Whose Eyes Tell the Story?

Key Concepts: First person narration Third person limited and omniscient Unreliable narrators Multiple perspectives God's omniscience vs. human limitation
Primary Source: C.S. Lewis, "The Screwtape Letters" (1942)

Introduction: The Power of Perspective

Point of view is one of the most important decisions a novelist makes. It determines what the reader can see, know, and feel. It shapes the entire experience of the story. The same events told from different perspectives can produce radically different novels — a murder mystery told by the detective is a very different book than the same story told by the murderer.

C.S. Lewis demonstrated the power of point of view brilliantly in 'The Screwtape Letters,' which tells the story of a man's spiritual life from the perspective of a senior demon writing advice to a junior tempter. By inverting the expected perspective, Lewis revealed spiritual truths in startlingly fresh ways — good becomes 'the Enemy's' work, and temptation becomes professional strategy.

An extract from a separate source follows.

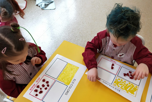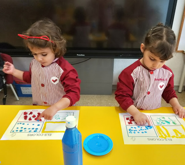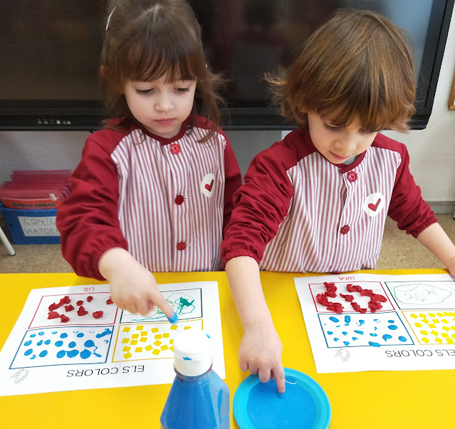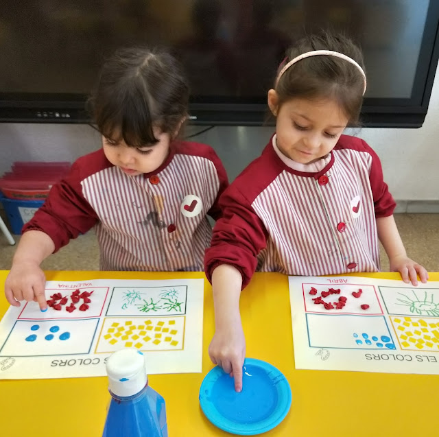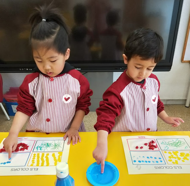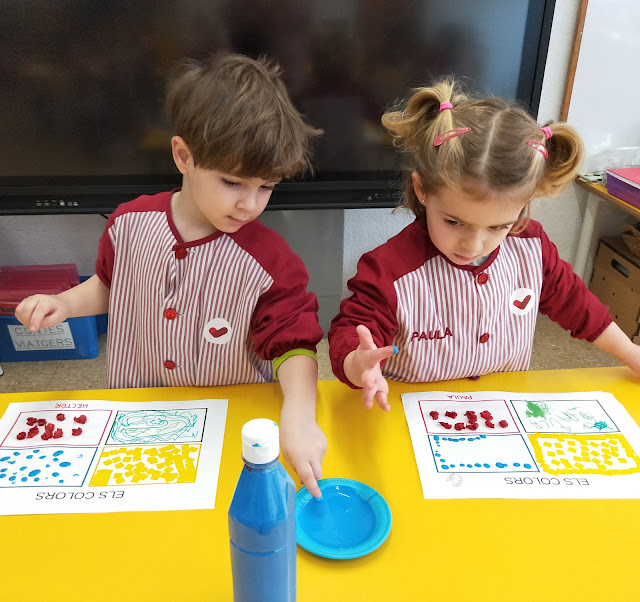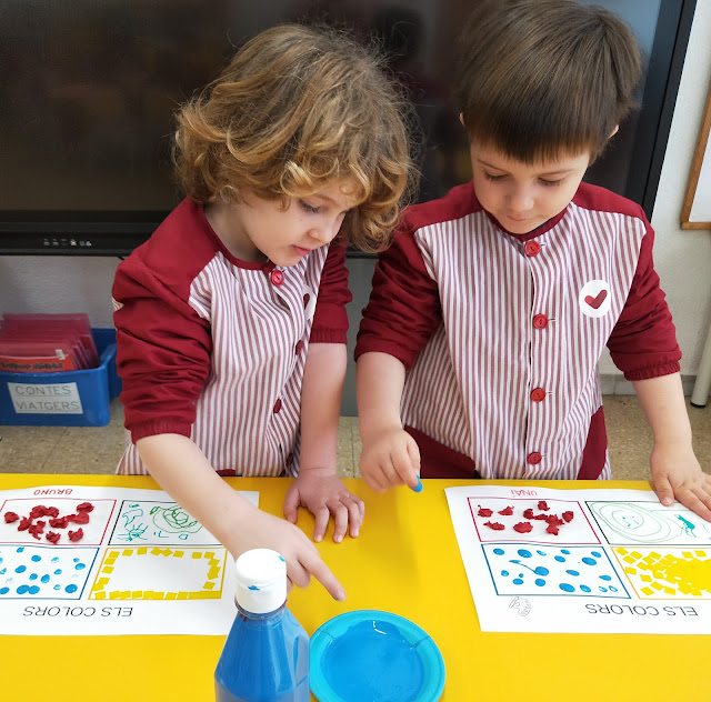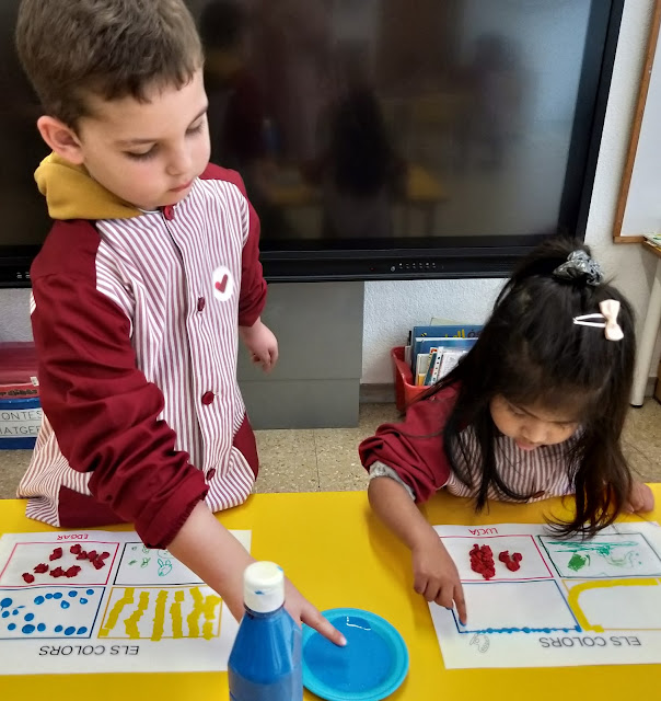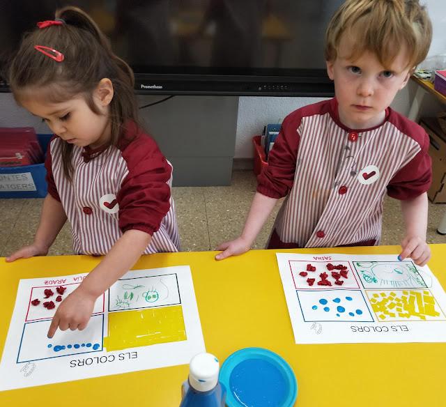 Estem treballant els colors i aquesta és una de les activitats que hem fet utilitzant diferents tècniques.

First Person: Intimacy and Limitation

In first person narration, the story is told by a character using 'I.' This creates immediate intimacy — the reader experiences the story through the narrator's thoughts, feelings, and perceptions. But it also creates limitation: the reader knows only what the narrator knows and sees only what the narrator sees.

First person is powerful for stories of personal transformation, confession, or discovery. The narrator's voice — their vocabulary, rhythm, attitudes, and blind spots — becomes a central element of the novel's art. Robinson Crusoe, Jane Eyre, and Marilynne Robinson's 'Gilead' all use first person to create deeply personal, voice-driven narratives.

The first person narrator can also be unreliable — a character whose version of events the reader learns to question. This is a sophisticated technique that requires the author to write on two levels simultaneously: what the narrator believes and what the reader gradually comes to understand.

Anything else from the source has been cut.